:: Task details ::
Could you copy the data that follows exactly as written, but drop the pictures?

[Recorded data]
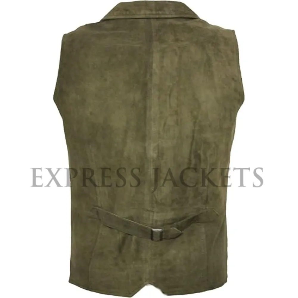 Earthy Elegance: Men’s Olive Green Suede Leather Vest
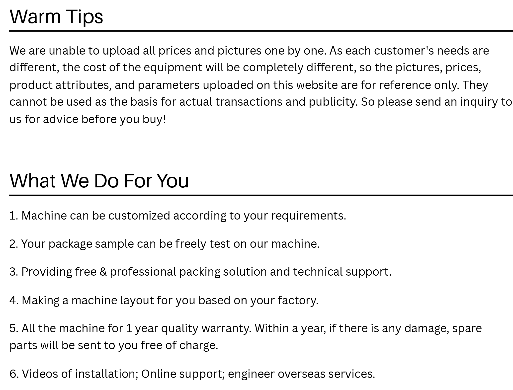 All the products before delivery should be tested by assemble and debugging engineer, wiped up and cleaned, the wrapped by stretch film to protect it from moist. The precision part needs flexible package. In addition, without standard tools, manual and other documents, and allow ex-factory confirmation sheet, the machine cannot leave factory. All the products will be packed in wooden case. The exported products use plywood case to pack. The foot margin of equipment fixed tightly to make the machine can experience loading and uploading, the upward mark will be posted on the wooden case.
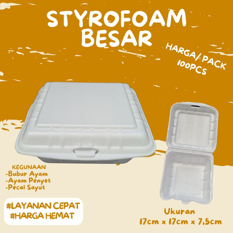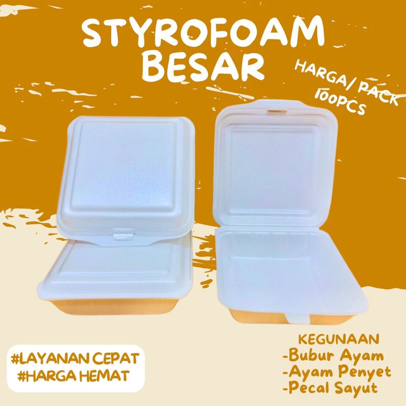 Sterofoam Besar Isi 100Pcs Box Kotak Makan Strofoam Gabus Sarapan Lunch Bubur Ayam Geprek Pecal Sterofoam
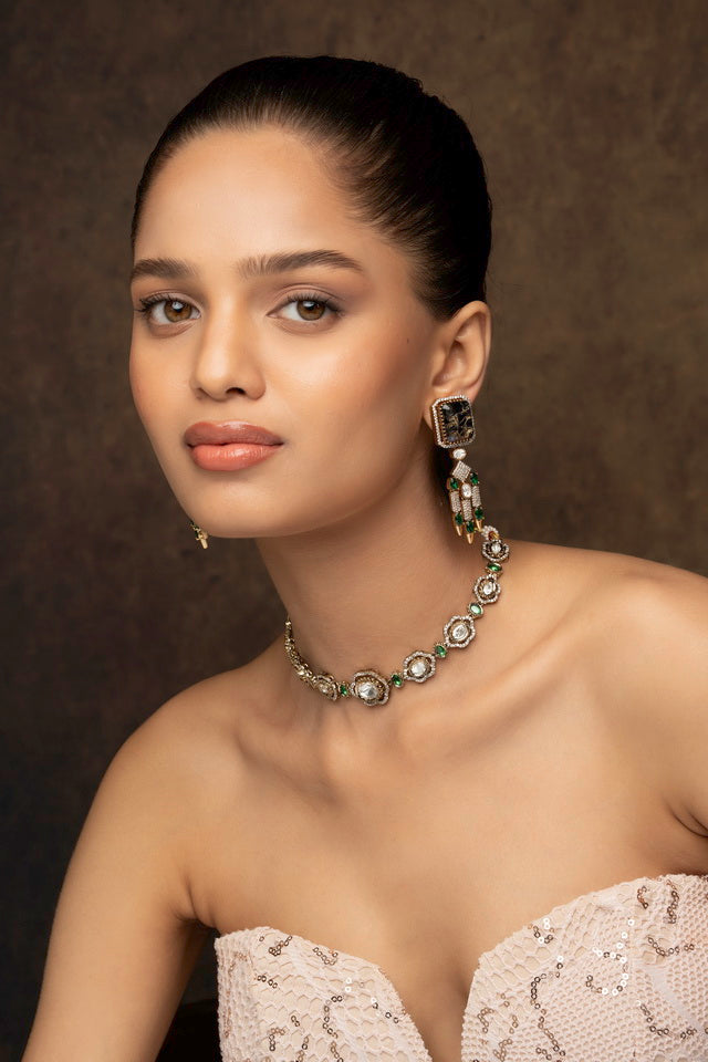 Shine Bright with Studio Gulabi’s White & Gold-Plated Diamond Necklace Set
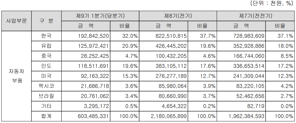 1. 중국 현지 법인의 구조 조정 및 인도 등 신흥국 비중 확대에 따른 성장 및 수익성 지속
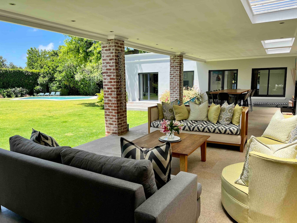 "NO Airbnb fees are added to the price you see" Constantia Klein Villa is a beautiful self-catering 4 bedroom ensuite house with private swimming pool , large covered patio and BBQ facilities. Surrounded by the tranquility of Groot Constantia, Buitenverwachting and Klein Constantia Wine Farms. Walk from the garden into the Groot Constantia Vineyards or to Klein Constantia Wine Farm.
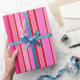 Ce papier d'emballage est affiché en couleurs Pink and Red stripes.
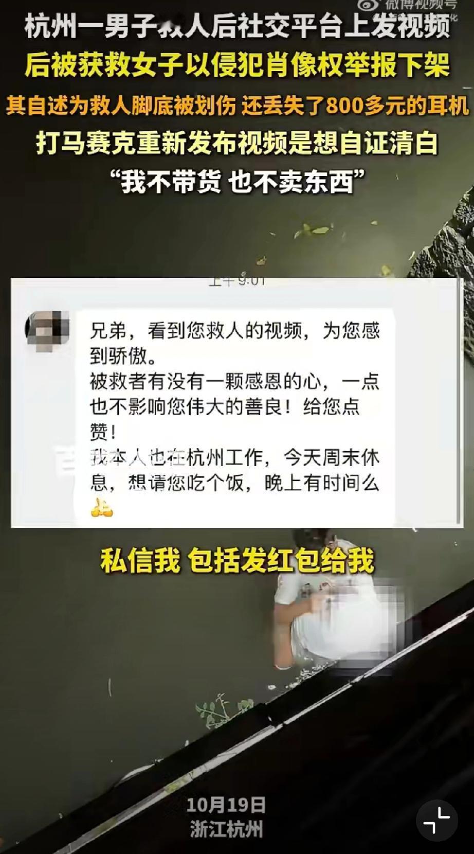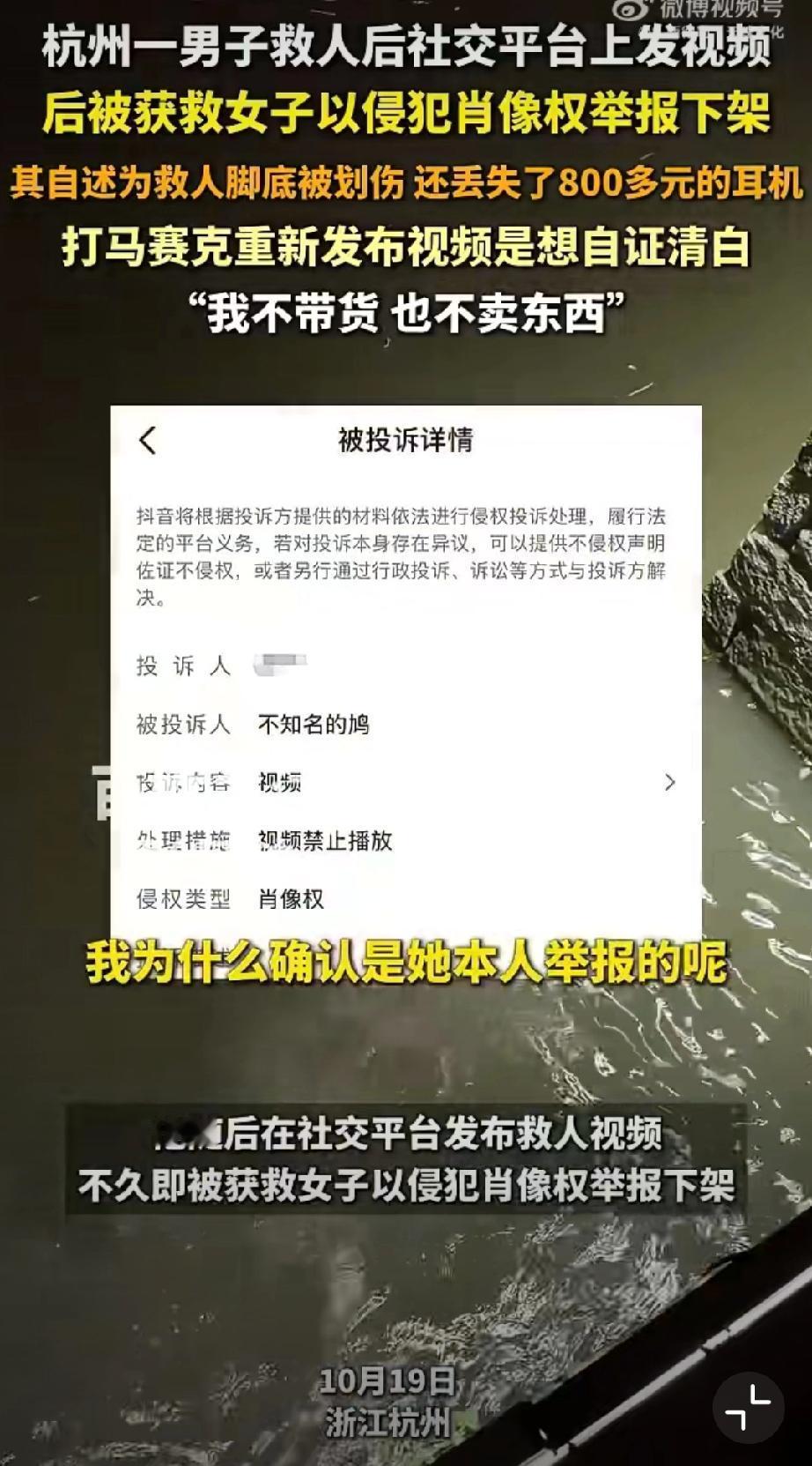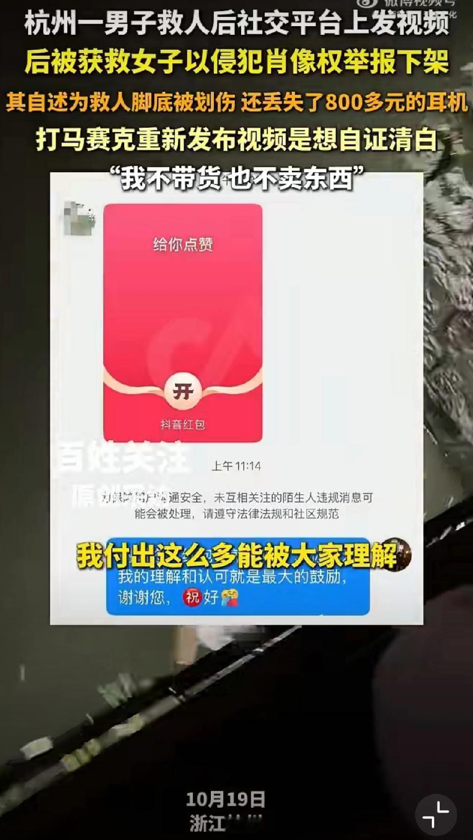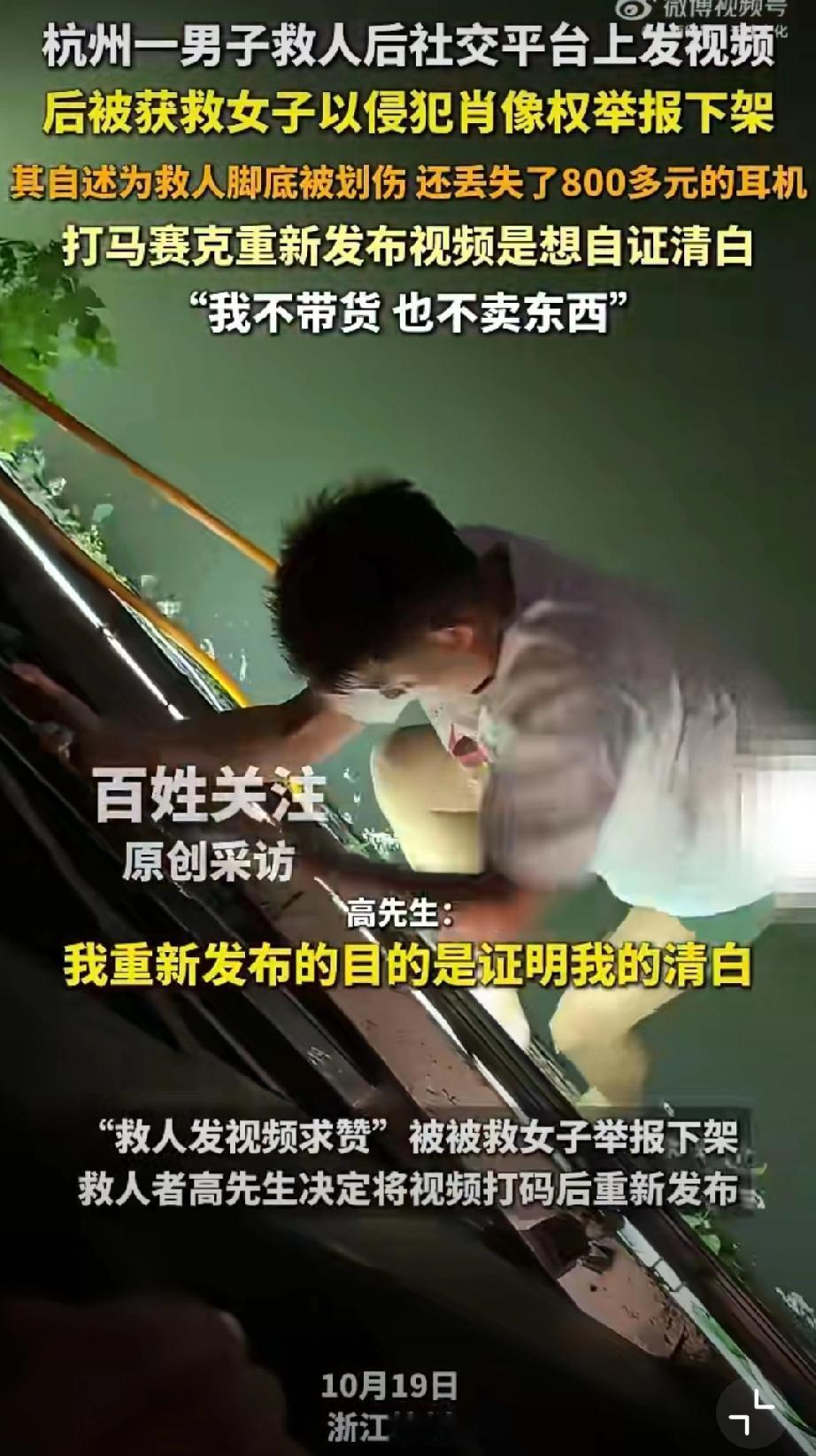 太离谱了,男子救落水女子却要道歉[捂脸] 媒体鼓弄这种新闻,不亚于当初南京彭宇案啊…落水女子被见义勇为的男子救起,却以“侵犯肖像权”为由向平台举报,导致视频被强制下架。其实那个视频拍得不清晰,面部都识别不了女子是谁,女子却认为可通过体貌、衣着等特征识别身份,媒体也一个劲的支持她…难道肖像权的价值比生命权还要高吗?张博,你说对么?南京救人小伙 小伙水中救人 救人反被举报
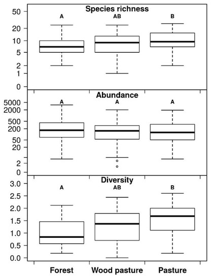 Considering habitat types, 32,917 individuals of 41 species were recorded from forests, 20,724 individuals of 47 species from wood pastures, and 24,490 individuals of 53 species from grasslands. Species richness and Shannon diversity were lower in forests than in pastures. In the case of wood pastures, these values were between the two distinct habitats. There was no difference in abundances between the three habitats (Figure 1).
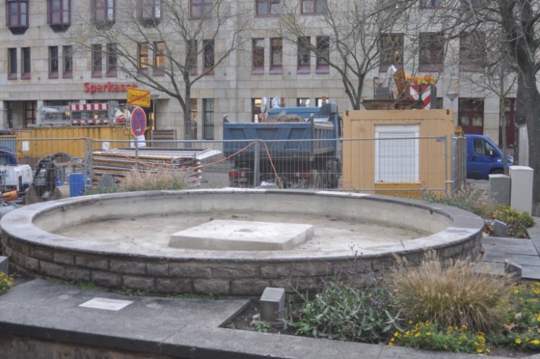 Ungewohntes Bild: Ein Kornmarktbrunnen ohne die Stadtoriginale.

:: Solution ::
 Earthy Elegance: Men’s Olive Green Suede Leather Vest
 All the products before delivery should be tested by assemble and debugging engineer, wiped up and cleaned, the wrapped by stretch film to protect it from moist. The precision part needs flexible package. In addition, without standard tools, manual and other documents, and allow ex-factory confirmation sheet, the machine cannot leave factory. All the products will be packed in wooden case. The exported products use plywood case to pack. The foot margin of equipment fixed tightly to make the machine can experience loading and uploading, the upward mark will be posted on the wooden case.
 Sterofoam Besar Isi 100Pcs Box Kotak Makan Strofoam Gabus Sarapan Lunch Bubur Ayam Geprek Pecal Sterofoam
 Shine Bright with Studio Gulabi’s White & Gold-Plated Diamond Necklace Set
 1. 중국 현지 법인의 구조 조정 및 인도 등 신흥국 비중 확대에 따른 성장 및 수익성 지속
 "NO Airbnb fees are added to the price you see" Constantia Klein Villa is a beautiful self-catering 4 bedroom ensuite house with private swimming pool , large covered patio and BBQ facilities. Surrounded by the tranquility of Groot Constantia, Buitenverwachting and Klein Constantia Wine Farms. Walk from the garden into the Groot Constantia Vineyards or to Klein Constantia Wine Farm.
 Ce papier d'emballage est affiché en couleurs Pink and Red stripes.
 太离谱了,男子救落水女子却要道歉[捂脸] 媒体鼓弄这种新闻,不亚于当初南京彭宇案啊…落水女子被见义勇为的男子救起,却以“侵犯肖像权”为由向平台举报,导致视频被强制下架。其实那个视频拍得不清晰,面部都识别不了女子是谁,女子却认为可通过体貌、衣着等特征识别身份,媒体也一个劲的支持她…难道肖像权的价值比生命权还要高吗?张博,你说对么?南京救人小伙 小伙水中救人 救人反被举报
 Considering habitat types, 32,917 individuals of 41 species were recorded from forests, 20,724 individuals of 47 species from wood pastures, and 24,490 individuals of 53 species from grasslands. Species richness and Shannon diversity were lower in forests than in pastures. In the case of wood pastures, these values were between the two distinct habitats. There was no difference in abundances between the three habitats (Figure 1).
 Ungewohntes Bild: Ein Kornmarktbrunnen ohne die Stadtoriginale.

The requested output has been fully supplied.